India Tax: AAR concludes no tax liability of nonresident on merger into Indian company

The Indian Authority for Advance Rulings (AAR) issued a ruling on 21 January 2022 concluding that the amalgamation of nonresident companies into an Indian company does not give rise to any tax liability on the part of the nonresidents.

Three nonresident companies (Star Television Entertainment Limited, Star Asian Movies Limited and Star Asia Region FZLLC) belonging to the same group own "Indian language" entertainment channels. The group also has an Indian company, Star India Private Limited, that markets the channels and from which it derives subscription and advertising revenue. For commercial and business reasons, it was decided to consolidate the Indian language channels into the Indian company and to amalgamate the three foreign companies, together with all their assets and liabilities, into the Indian company through an amalgamation under the Indian Companies Act.

According to the scheme of amalgamation, the Indian company will issue shares to the shareholders of the nonresident companies. The scheme of amalgamation was filed with the jurisdictional High Court and is pending approval, but, before filing the application, the nonresident companies sold their "non-Indian language" channels to another overseas group company. The Indian tax authorities took the position that the proposed amalgamation should be disregarded because its sole purpose is to avoid capital gains tax in India and the transaction has no legitimate purpose other than to avoid tax.
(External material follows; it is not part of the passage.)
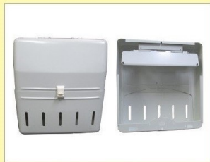
郵便受箱 (片面プレス用) KD-2S型ハネ有り アイボリーホワイト ¥30,600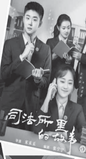
图3：《司法所里的故事》海报。

The foreign companies and their shareholders requested a ruling from the AAR on whether the proposed amalgamation results in any Indian tax liability.

The AAR concluded that the amalgamation of the three nonresident companies into the Indian entity does not give rise to any Indian tax liability for the nonresidents. The AAR reiterated the rule that contracting parties are free to enter into a transaction that has the effect of granting an exemption under the tax law, and that the proposed amalgamation and restructuring have a definite business purpose. This is a very pragmatic ruling in the area of cross border mergers.